Mountain in Nunavut, Canada

Mount Odin is a mountain in Qikiqtaaluk, Nunavut, Canada. It is located in Auyuittuq National Park along the Akshayuk Pass, 46 km north of Pangnirtung and south of Mount Asgard. Mount Odin is the highest mountain on Baffin Island.

Mount Odin is the highest mountain within the Baffin Mountains as well as the fifth-highest in the Arctic Cordillera. It has a topographic prominence of 2147 m, greater than any other mountain within the Baffin Mountains and on Baffin Island, making Odin the third-highest mountain in Nunavut by topographic prominence.
Comparing absolute peaks, Mount Odin is the fifth-highest in Nunavut.
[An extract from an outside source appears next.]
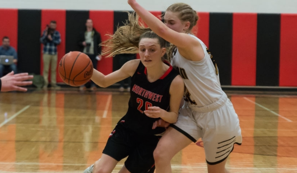 PHOTO: Jackson Northwest's Sydney Shafer drives hard to the basket during Tuesday's Quarterfinal win over Hamilton. (Photo courtesy of JTV.)

The higher points in Nunavut are: Barbeau Peak on Ellesmere Island (the highest point in Nunavut at 2,616 m), two unnamed peaks on Ellesmere Island, (one at 2,347 m located at 78° 48' N, 79° 34' W and one at
2,201 m located at 80° 17' N, 75° 05' W) and Outlook Peak on Axel Heiberg Island, which at 2210 m is just 63 m higher than Mount Odin.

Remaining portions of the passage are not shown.